If you think this election will be rigged, blame the United States Supreme Court.
Back in 2013, the Court gutted the formula component of the Voting Rights Act in the case of Shelby County v. Holder.
Under that formula, any state that had a voter turnout or registration rate of less than 50% as of 1964, and had any history of discriminatory restrictions — like literacy tests or English-only ballots — was required to get pre-clearance from the Justice Department before changing its voting laws.
The Supreme Court held that this formula was sociologically outdated and it’s failure to use more recent data was unconstitutional. This holding did not deem the Voting Rights Act unconstitutional, but it did eliminate a key mechanism used to enforce it.

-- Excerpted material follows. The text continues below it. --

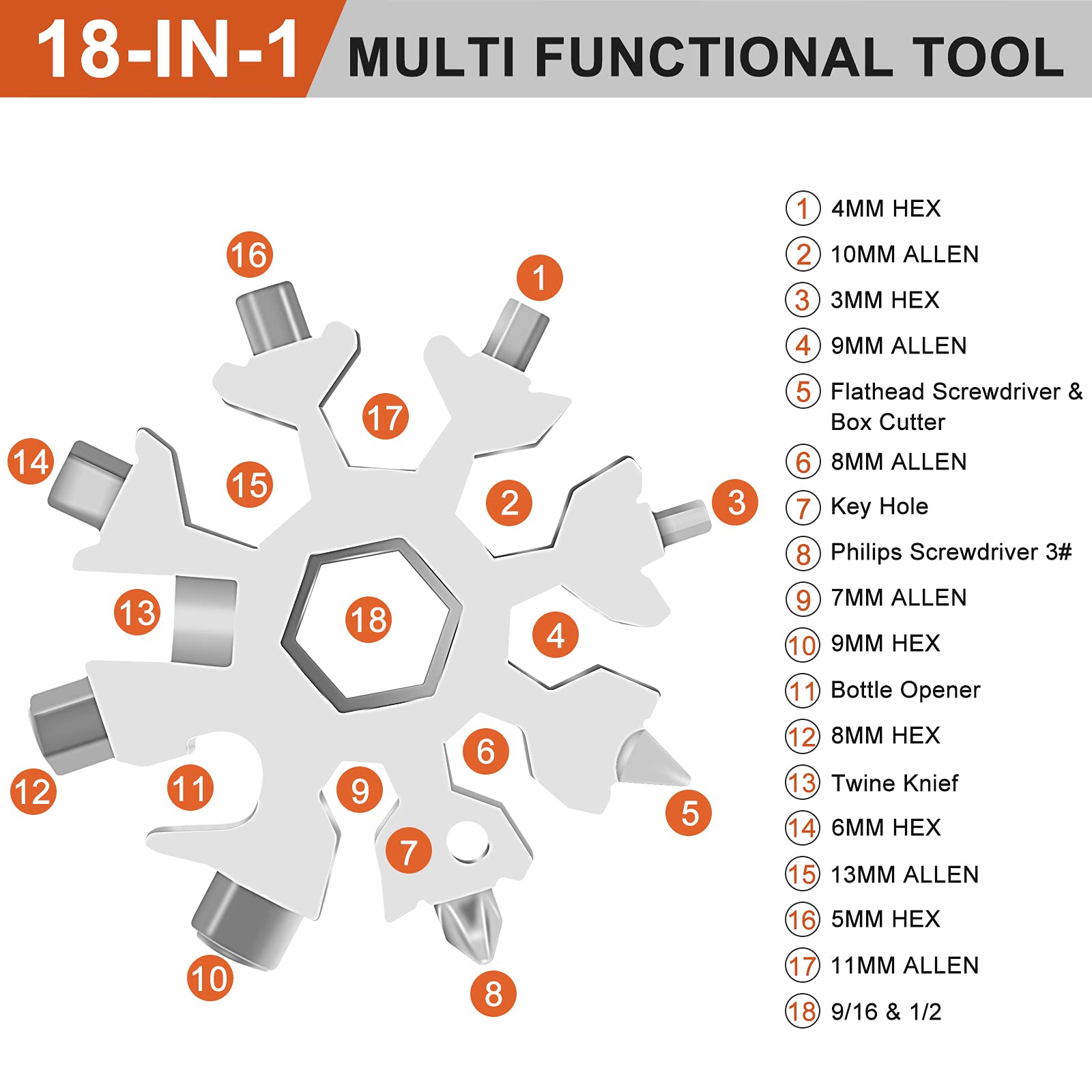 outil porte-clés multi-fonction 18 en 1 en acier inoxydable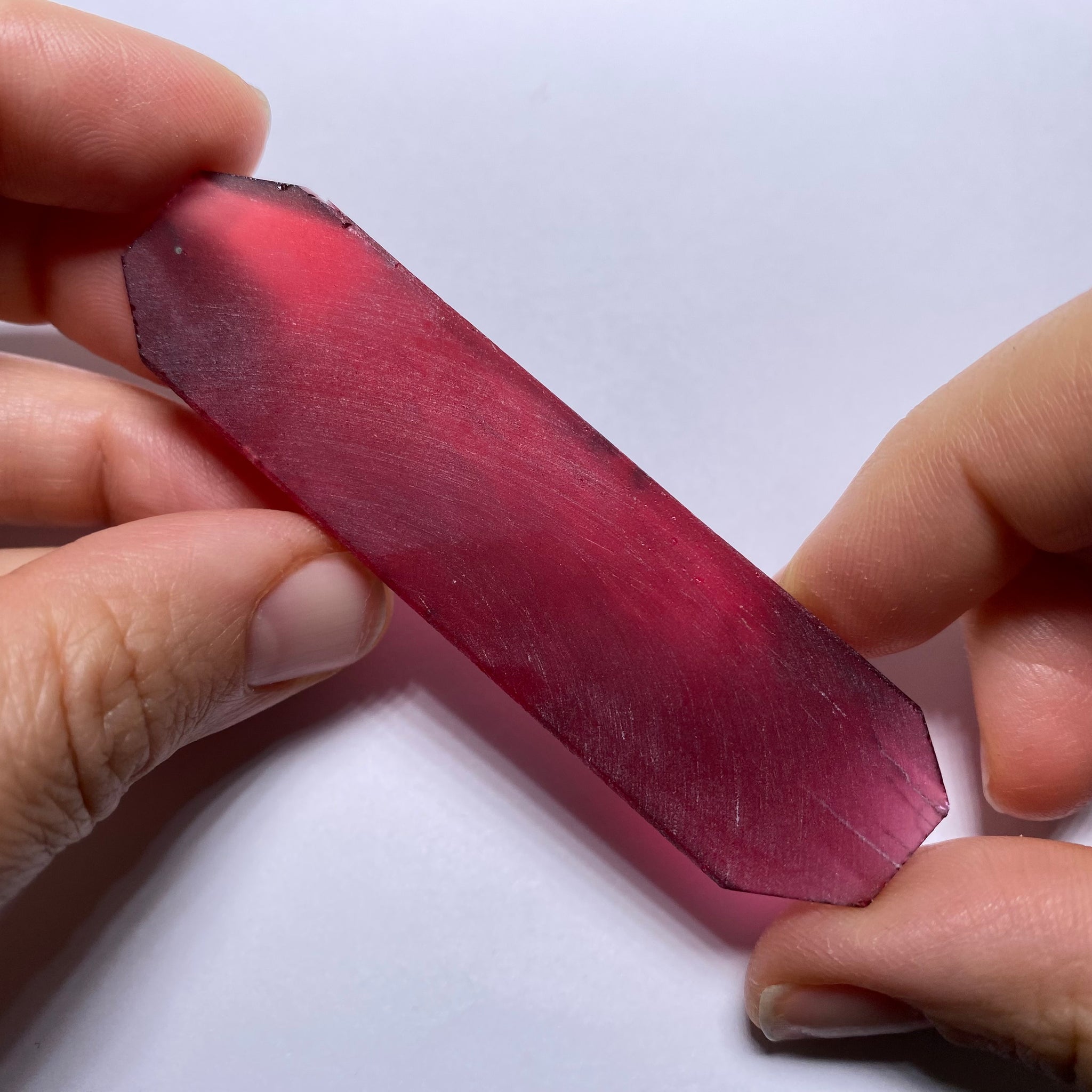 Synthetic Bixbite (Red Beryl) rough produced by the hydrothermal growth method. Formed under high temperature and pressure in an aqueous solution, this process replicates natural crystallization conditions and results in sharp color zoning and natural-looking inclusions. Vivid red coloration is chromium-based and consistent throughout the piece

As a result, the Justice Department’s Civil Rights Division lost its right to require states with a history of racial discrimination to get its pre-authorization before making any changes to voting laws: i.e. drawing electoral districts, placing restrictions on early voting, or requiring specific forms of voter identification
Meanwhile, voting rights advocates reeled, state election officials rejoiced, and the nation mistakenly believed that the only real consequence of Shelby would be the facilitation of voter identification laws or gerrymandering.
In reality, the consequences of this decision are more far-reaching, and should be at the heart of any informed discussion on whether the presidential election is indeed rigged.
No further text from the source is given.